Sam sighed. "And maybe I shouldn't have."
Josh's eyes flickered back towards the white board. "So these kids..."
Sam followed his eyes. "I can't imagine they were ever told that they
didn't matter. Even if they did mix up coffee orders and yell."
"Well, if arrogance is exceptional, then I don't see why we're worrying
about this generation at all," Josh said, smirking a little.
"It's not the arrogance, I think," Sam said. "It's just something.
Not to be so intimidated at that age. Not to be intimidated at any
age."
"Well, I think you recovered from the kiddo thing remarkably. Though
as things go, this wasn't a big one."
"Yes, well... I wonder, sometimes." Sam looked like he wanted
something to slam or hit - to express his frustration in a more
dramatic way. "I mean, I write speeches. I don't give them myself.
Speaking through some else... It could be considered hiding, if one
wanted to argue about such a thing."
"Sam..." Josh opened his mouth, but stopped himself, brow furrowing,
as he considered the words. "Even at the ripe old age of 32, you
manage to be exceptional."
It was a moment between them, a nice moment, and it held until Donna
walked by and poked her head in, her hair drifting downwards a moment
after the movement of her head.
"Are you guys coming?" she asked. "They're getting started in a few
minutes, and I've already sent a present for you, Josh, so if you don't
go, it'll look like your assistant just sent a present because you were
too busy to remember about it."
Josh shook his head. "Wait. Okay. Back up. Remember about what?"
"Zoey's birthday. There's a party in the mess."
Josh paled. "Oh, crap.

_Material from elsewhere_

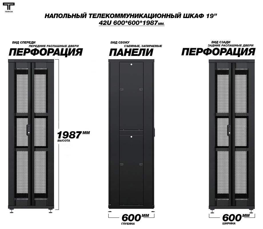 - Тип размера: 42U (ШхГхВ) 600х600x1987мм.

I've become one of those people whose
assistants send presents for important birthdays because they're too
busy to remember."
"Is it an important birthday?" Sam asked.
"Well," Josh said, "She must be turning twenty, because wasn't she
number four?"
Sam looked over at the white board. "Number two, actually."
"Sometimes, you guys..." Donna trailed off. "Yes, she is now twenty
years of age, which is indeed extremely important, numerically."
"Though it means nothing in the real world," Josh added.
Donna frowned. "She's a year older. A year wiser. No reason not to
celebrate. You guys coming?"
The two men looked at each other. Each other and Sam's laptop and the
piles and piles of files surrounding them.
"There's this thing-"
"We shouldn't-"
"There's cake," she said, and they were on their feet.
"Just for a few minutes," Sam said as he grabbed his coat. "To give
her our best and so forth."
"I bet it's chocolate cake," Josh rambled. "With fudge icing." He was
first out the door, but Sam was right behind him.
Donna smiled a bit at their retreating backs, watching them rush down
the hall.
"Kids," she said to herself, then sped to catch up.